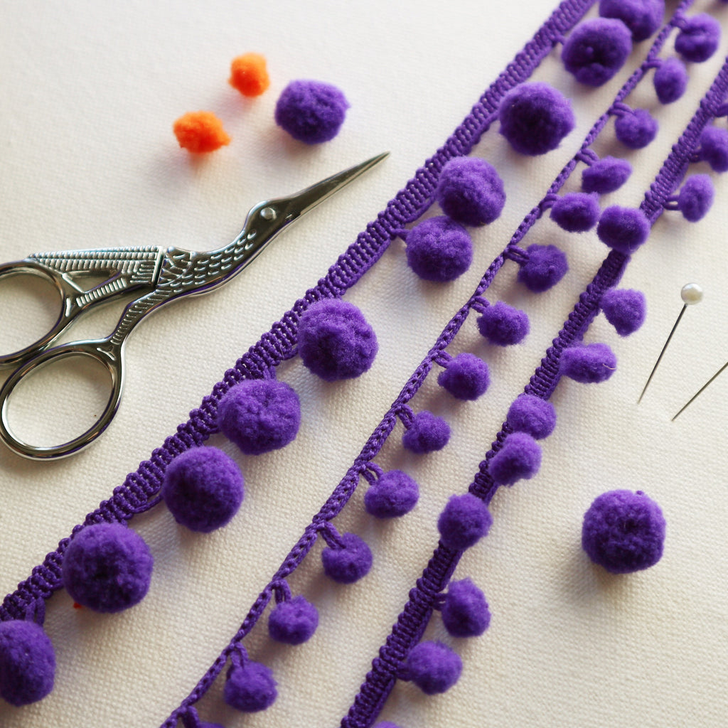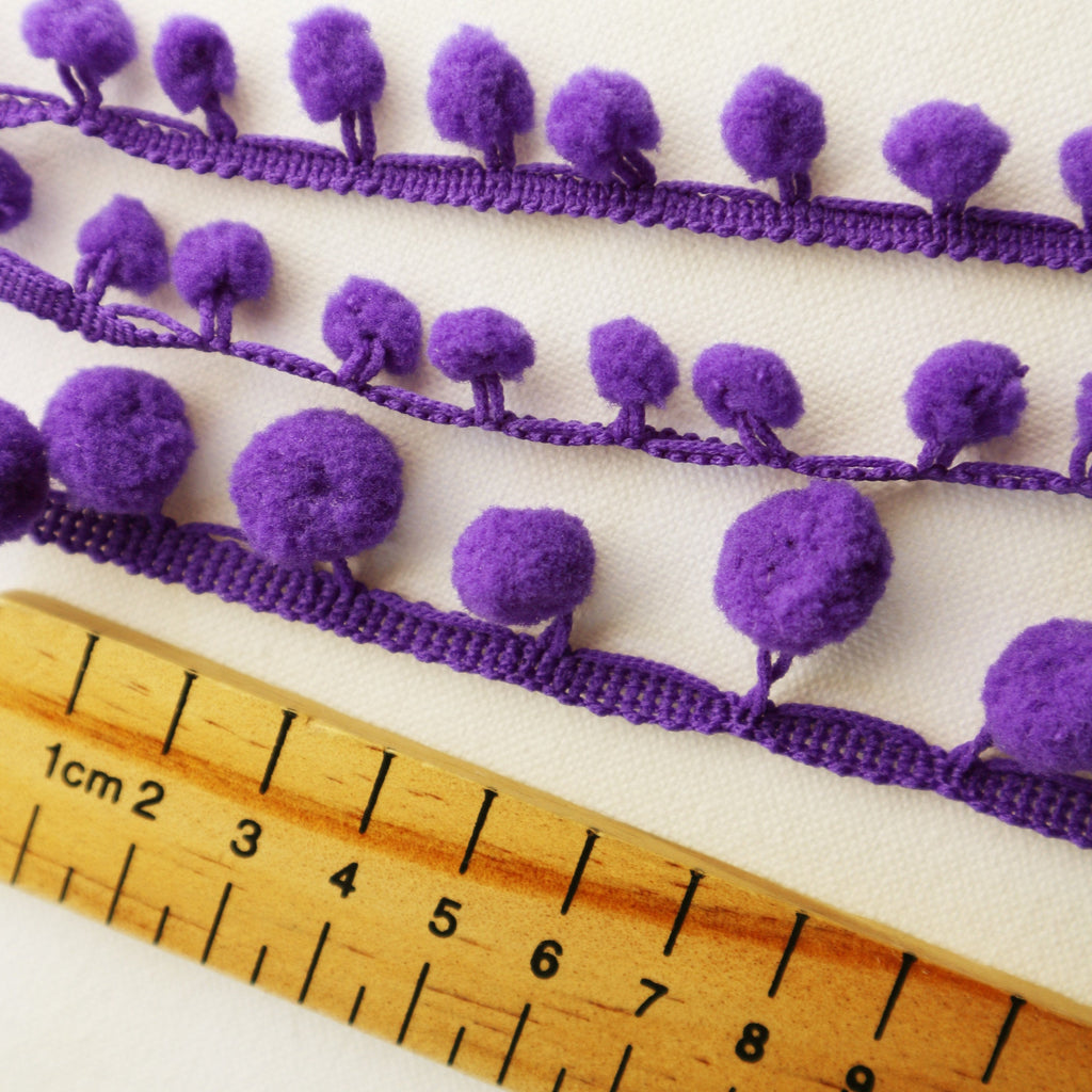 This is a beautiful, Rich, Royal Purple Pom Pom trim. This deep purple pom pom is available in a choice of two sizes. Choose from either the mini pom pom with a 10 mm diameter (1 CM) or a slightly larger trim with a 15 mm pom pom diameter.
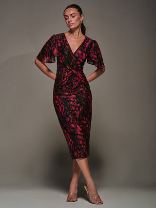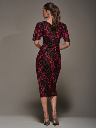 Litzy Print Flute Sleeve Midi Dress, Animal Multi
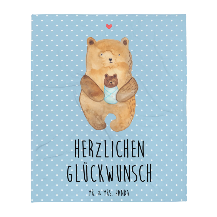 Kuscheldecke Bär mit Baby - mit Spruch - Blau Pastell
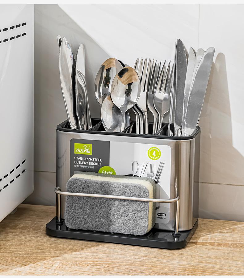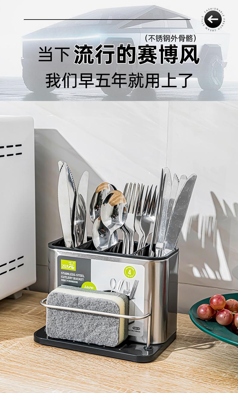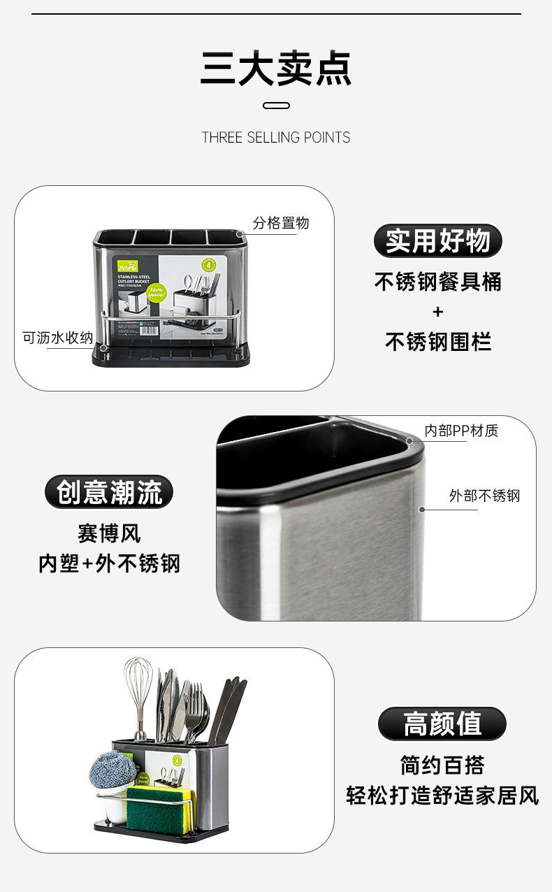 Aço inoxidável high-end estilo europeu pauzinhos gaiola com cerca grade pauzinhos armazenamento balde faca suporte garfo assento TEMU Amazon atacado
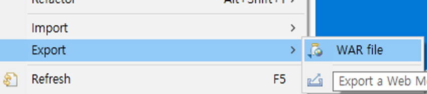 - 프로젝트를 우클릭하고 Export를 선택합니다.
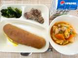 今日の献立は、コッペパン・アプリコットジャム・鶏肉のバジル焼き・ウインナーと野菜...
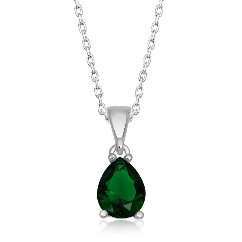 Sterling Silver Green Crystal Teardrop Solitaire Necklace
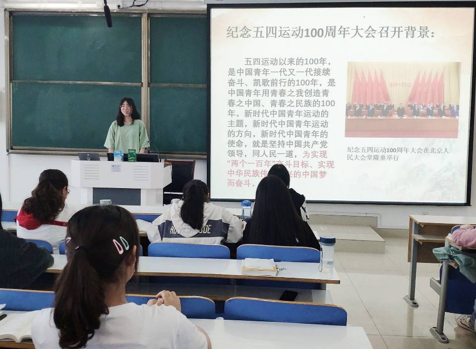 为深入学习习近平总书记在纪念五四运动100周年大会上的讲话精神,5月13日下午,金年会官网2018级第二团支部在社科楼514教室顺利开展“弘扬五四精神,勇担时代使命”团日活动。2018级第二团支部全体成员参加了本次活动。活动由团支部第一团小组组长李欣主持。
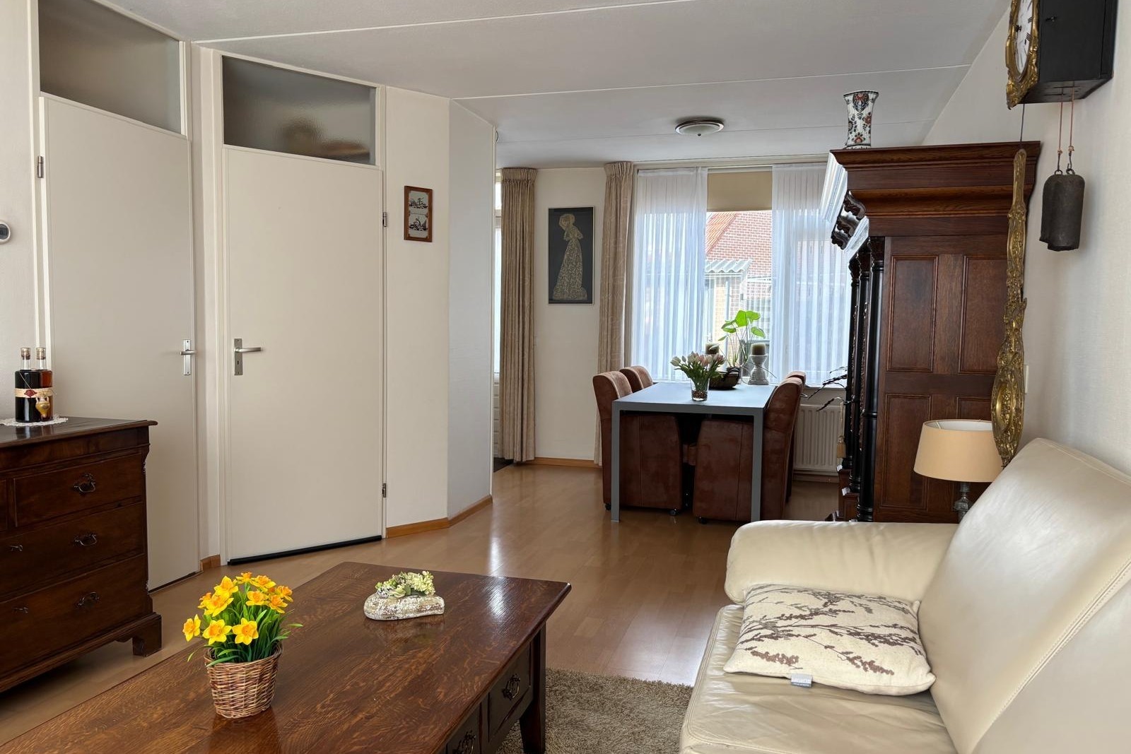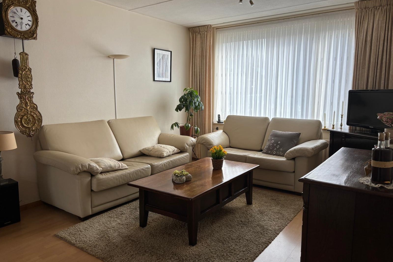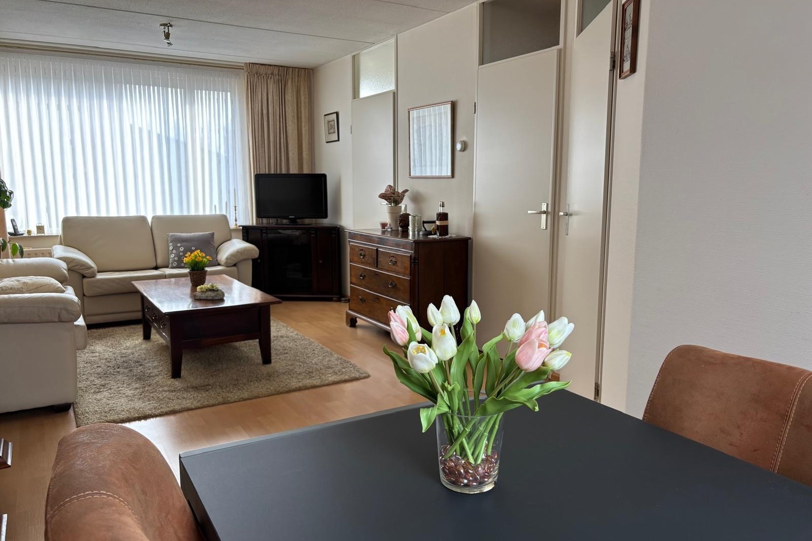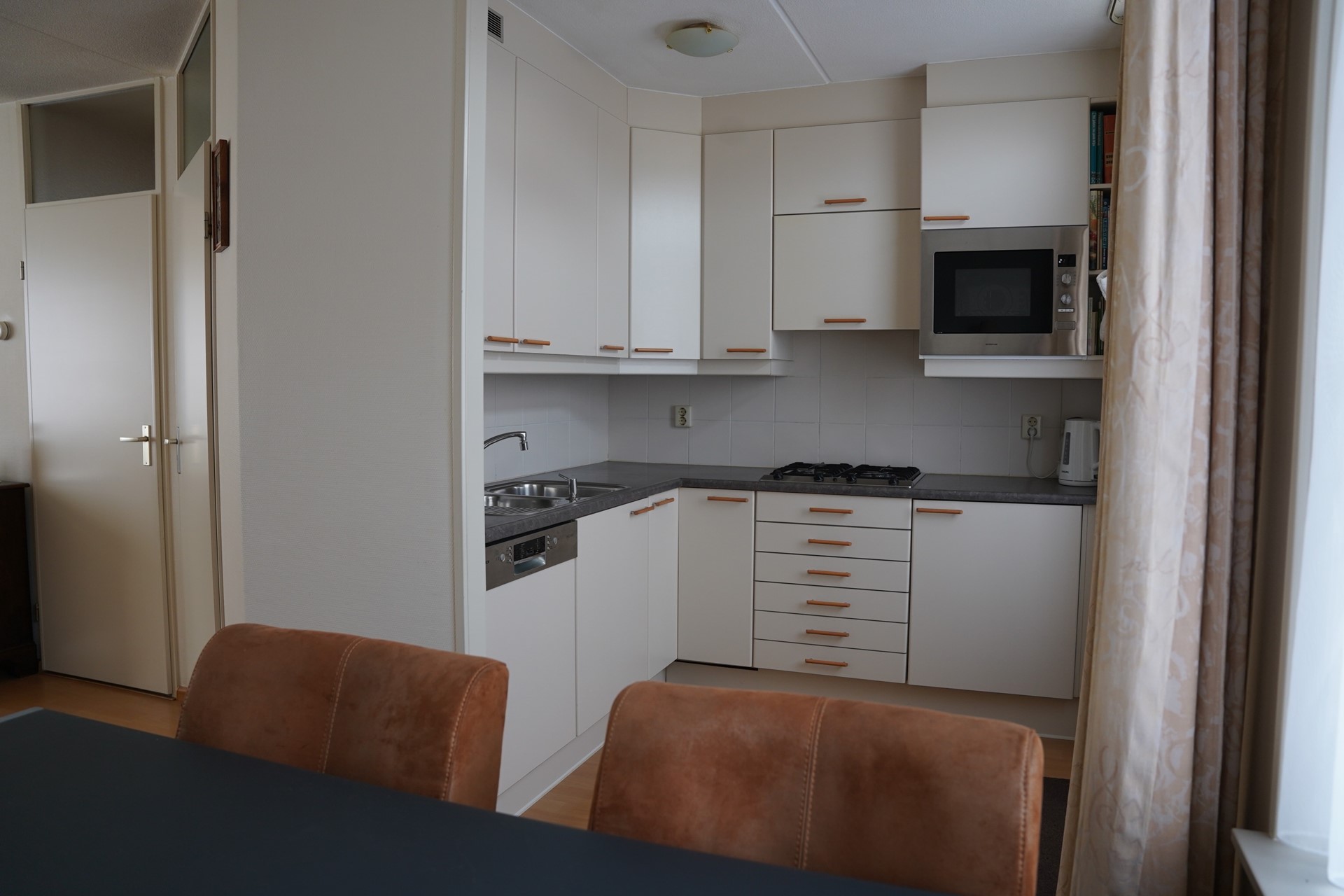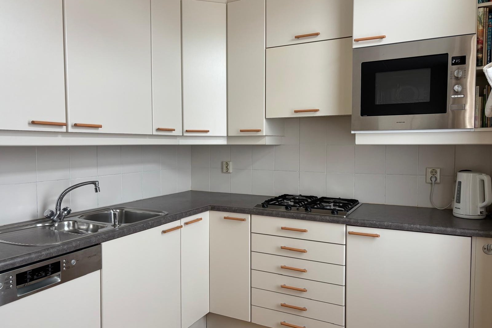 Via de hal met meterkast en toilet kom je in de woonkamer. Hier valt direct het lichte en verzorgde karakter op. De laminaatvloer zorgt voor een rustige basis en dankzij de grote raampartij aan de voorzijde geniet je van prettig daglicht. De trapkast biedt praktische bergruimte. Aan de achterzijde bevindt zich de keuken, uitgevoerd in een lichte kleurstelling en voorzien van inbouwapparatuur. Een fijne plek om te koken, met direct contact naar de tuin.

= = = = =

▸ **Your task**
Only the lines from the one containing "Litzy Print Flute" through the end of the listing above should be reproduced, exactly as they stand. Leave the pictures out.

▸ **Your solution**
 Litzy Print Flute Sleeve Midi Dress, Animal Multi
 Kuscheldecke Bär mit Baby - mit Spruch - Blau Pastell
 Aço inoxidável high-end estilo europeu pauzinhos gaiola com cerca grade pauzinhos armazenamento balde faca suporte garfo assento TEMU Amazon atacado
 - 프로젝트를 우클릭하고 Export를 선택합니다.
 今日の献立は、コッペパン・アプリコットジャム・鶏肉のバジル焼き・ウインナーと野菜...
 Sterling Silver Green Crystal Teardrop Solitaire Necklace
 为深入学习习近平总书记在纪念五四运动100周年大会上的讲话精神,5月13日下午,金年会官网2018级第二团支部在社科楼514教室顺利开展“弘扬五四精神,勇担时代使命”团日活动。2018级第二团支部全体成员参加了本次活动。活动由团支部第一团小组组长李欣主持。
 Via de hal met meterkast en toilet kom je in de woonkamer. Hier valt direct het lichte en verzorgde karakter op. De laminaatvloer zorgt voor een rustige basis en dankzij de grote raampartij aan de voorzijde geniet je van prettig daglicht. De trapkast biedt praktische bergruimte. Aan de achterzijde bevindt zich de keuken, uitgevoerd in een lichte kleurstelling en voorzien van inbouwapparatuur. Een fijne plek om te koken, met direct contact naar de tuin.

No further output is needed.